Leaves are synonymous with fall, so remove leaves from your lawn regularly to prevent suffocating the turf. Blow off walks frequently to prevent slippery conditions. Powered blowers and shredder vacs relieve the strain of clearing driveways, paths and lawns, and the latest STIHL models make clearing leaves a breeze. Blow leaves into a pile before collecting them up with a STIHL shredder vac or by hand. Mowing over leaves is one of the quickest and easiest ways to clear them from your lawn. Your lawn mower must have good suction power and be a collecting model.

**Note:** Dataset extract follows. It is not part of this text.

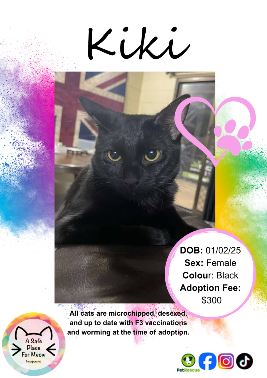 Kiki is a stunning black beauty with a glossy coat and soft golden eyes that seem to glow with affection. She’s a gentle and affectionate cat who’s ready to find a forever home to call her own.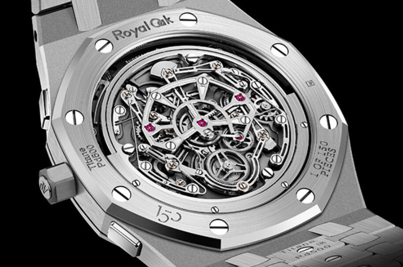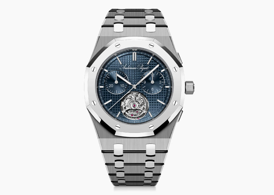 The case and bracelet combine titanium with AP’s proprietary Bulk Metallic Glass (BMG), a palladium-based alloy that’s scratch-resistant and lightweight. The bezel, pushers, and select bracelet elements use BMG, while the rest is brushed and polished titanium.

Tip 7 | Add Color for Spring

Fall is the best time to plant spring-blooming bulbs. A rewarding strategy is to plant several different varieties as different bulbs have different bloom times, which means you can enjoy the fruits of your hard work all spring long. Additionally, it is a good practice to plant a wide range of varieties and colors to account for those that may not come up.

Tip 8 | Pruning

When the heat of summer has passed, take a good look at all of the shrubs and ground cover on your property and give them one last pruning (either hand snipping for natural appearance, or shearing when appropriate). Get them ready to ‘put to bed’ for a long winter. Be sure to cut back perennials to near soil level, once they begin to change colors, and take proper steps to ensure that your plants are not distressed from pruning, especially shrubs and trees. Observe limbs that create visibility and clearance issues for foot or vehicle traffic. Consider pruning to improve security. Are there limbs that are susceptible during upcoming winter storms? Prune now before limbs break and create new problems.

Tip 9 | Mulching

Freshly mulched beds give a polished finish and help protect through winter. After all pruning is completed and leaves are removed, fresh mulch gives a nice finished look for the coming holiday season. Many landscaping professionals prefer fall mulching to retain soil moisture, suppress weed growth and protect bare soil from erosion. Fall mulching also insulates soil and plant roots, protecting them from colder temperatures.

By: David Snodgrass, President, Dennis’ 7 Dees Landscaping and Garden Centers

About David Snodgrass

David Snodgrass serves as president of Dennis’ 7 Dees Landscaping and Garden Centers, a family-run business now in its fourth generation of serving clients in Oregon. In addition to offering landscape design, installation and maintenance services, the garden centers provide a variety of hands-on educational events to the community.